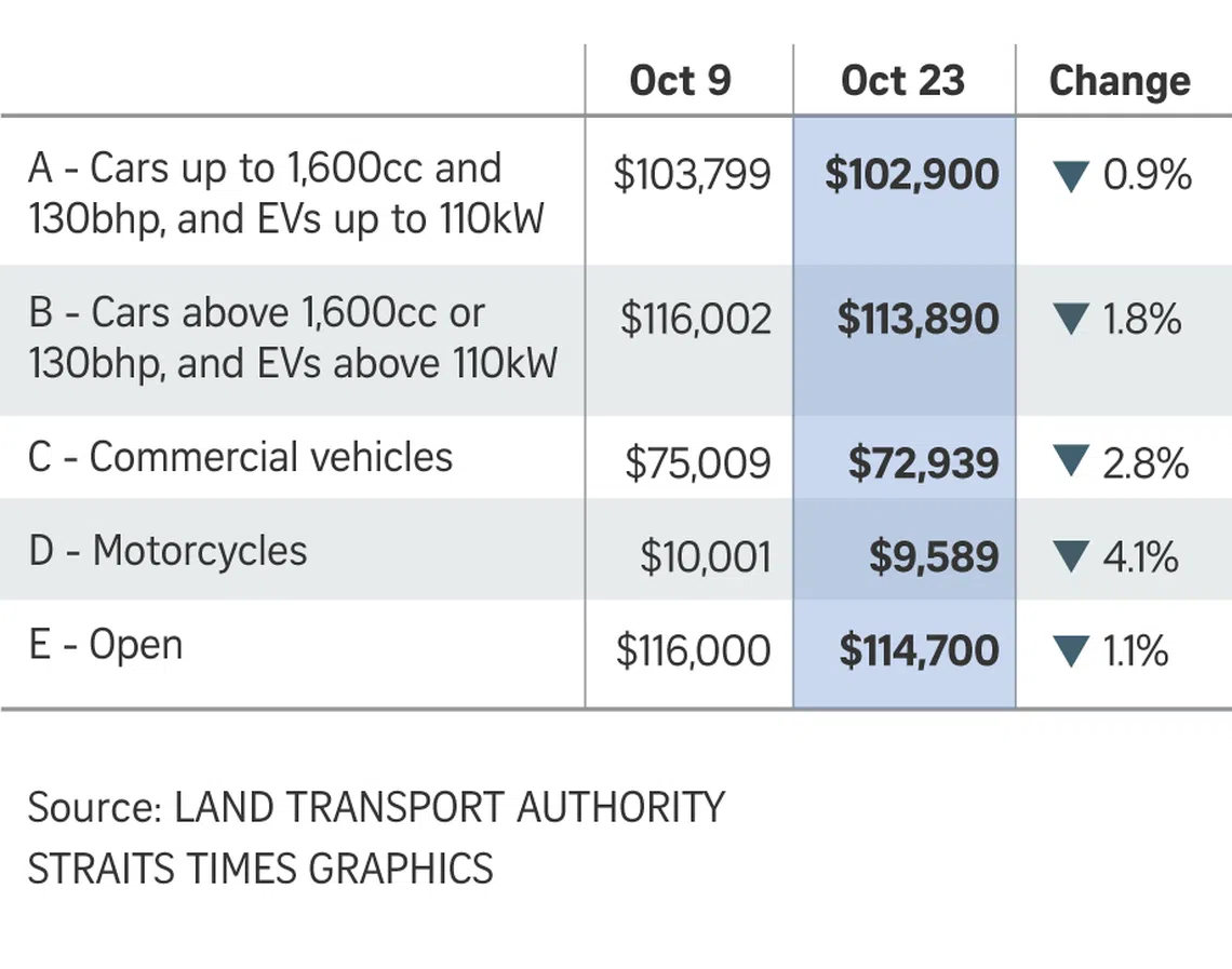The premium for a Category A certificate, which is used to register smaller, less powerful cars and electric vehicles (EVs), ended at $102,900 – 0.9 per cent lower than the $103,799 recorded at the previous exercise on Oct 9
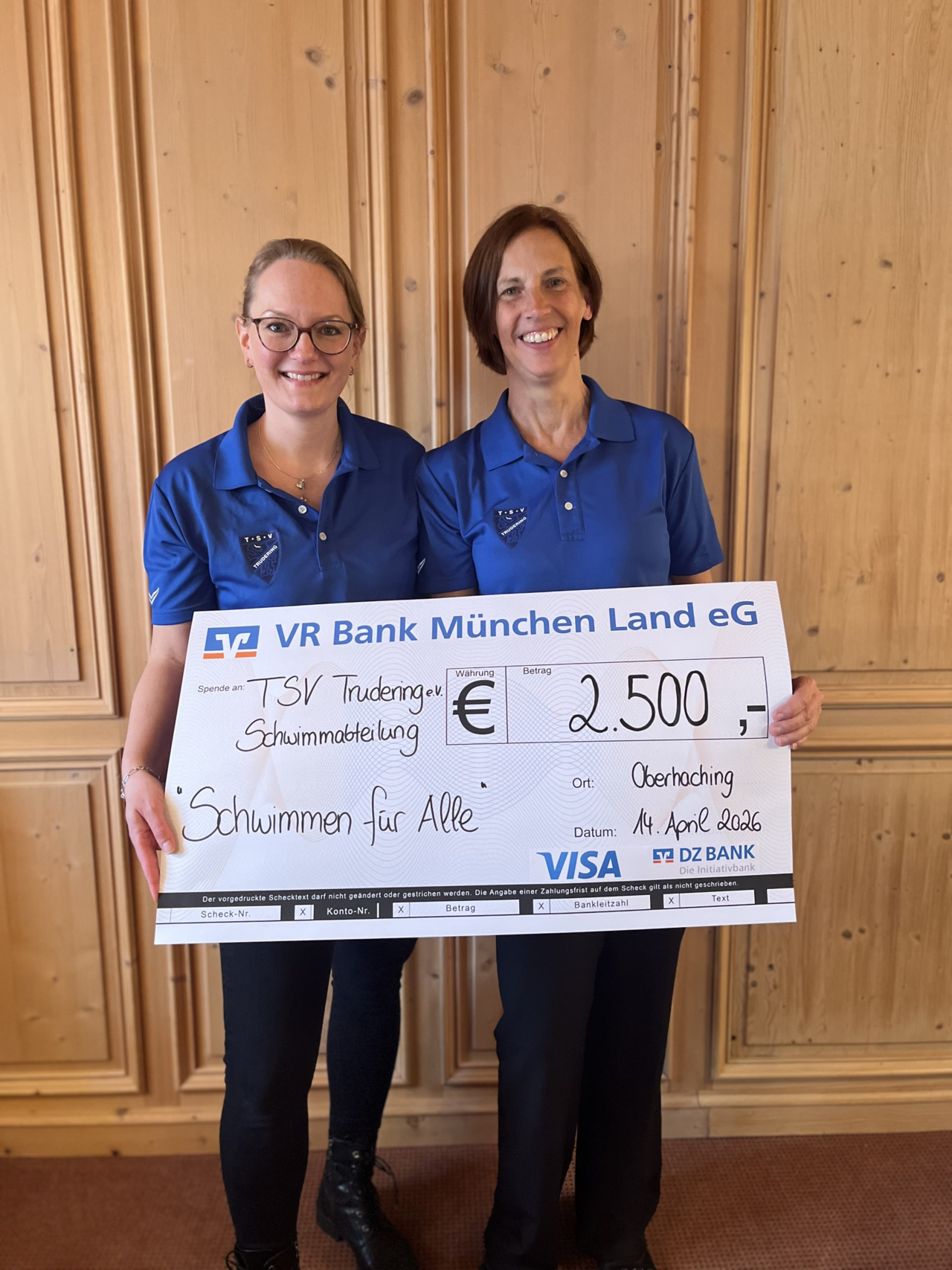 Großer Erfolg für den TSV Trudering: Als Hauptgewinner des bundesweiten Vereinswettbewerbs „Visa feiert Inklusion durch Sport. Wir auch!“ durfte die Schwimmabteilung des Vereins nun den offiziellen Spendenscheck über 2.500 Euro entgegennehmen.
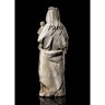 Vierge à l’Enfant en pierre calcaire sculptée en ronde-bosse avec restes de polychromie. Debout, très légèrement déhanchée, elle porte l’Enfant sur son côté gauche, la tête tournée de l’autre côté ; visage aux formes pleines, avec yeux fendus, nez droit , bouche menue et menton aigu ; sa tête porte une couronne posée sur un voile laissant apparaître la chevelure ondulée qui encadre le visage ; un pan du voile tombe dans le dos en dessinant deux cœurs symétriques ; elle est revêtue d’une robe et d’un manteau dont un large pan revient sur le devant ; l’Enfant habillé d’une longue tunique tient une rose entre ses deux mains. Est de l’Ile de France, premier quart du XVe siècle H 80 cm (quelques manques notamment à la couronne et la main droite de la Vierge)
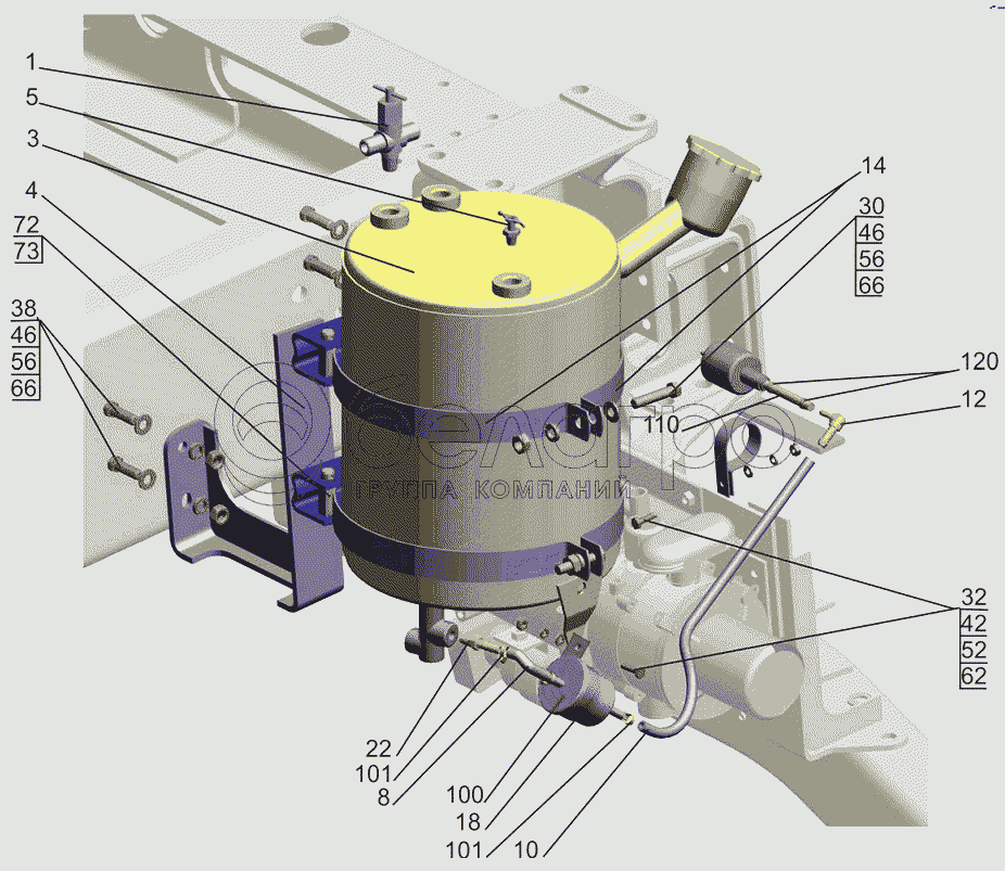 Каталог запасных частей к технике: МАЗ-5440B5. Крепление топливопроводов подогревателя 6501B5-1015004-010

*BRIEF:* Without including any pictures, print all of the material exactly as given.

*ANSWER AREA:*
The premium for a Category A certificate, which is used to register smaller, less powerful cars and electric vehicles (EVs), ended at $102,900 – 0.9 per cent lower than the $103,799 recorded at the previous exercise on Oct 9
 Großer Erfolg für den TSV Trudering: Als Hauptgewinner des bundesweiten Vereinswettbewerbs „Visa feiert Inklusion durch Sport. Wir auch!“ durfte die Schwimmabteilung des Vereins nun den offiziellen Spendenscheck über 2.500 Euro entgegennehmen.
 Vierge à l’Enfant en pierre calcaire sculptée en ronde-bosse avec restes de polychromie. Debout, très légèrement déhanchée, elle porte l’Enfant sur son côté gauche, la tête tournée de l’autre côté ; visage aux formes pleines, avec yeux fendus, nez droit , bouche menue et menton aigu ; sa tête porte une couronne posée sur un voile laissant apparaître la chevelure ondulée qui encadre le visage ; un pan du voile tombe dans le dos en dessinant deux cœurs symétriques ; elle est revêtue d’une robe et d’un manteau dont un large pan revient sur le devant ; l’Enfant habillé d’une longue tunique tient une rose entre ses deux mains. Est de l’Ile de France, premier quart du XVe siècle H 80 cm (quelques manques notamment à la couronne et la main droite de la Vierge)
 Каталог запасных частей к технике: МАЗ-5440B5. Крепление топливопроводов подогревателя 6501B5-1015004-010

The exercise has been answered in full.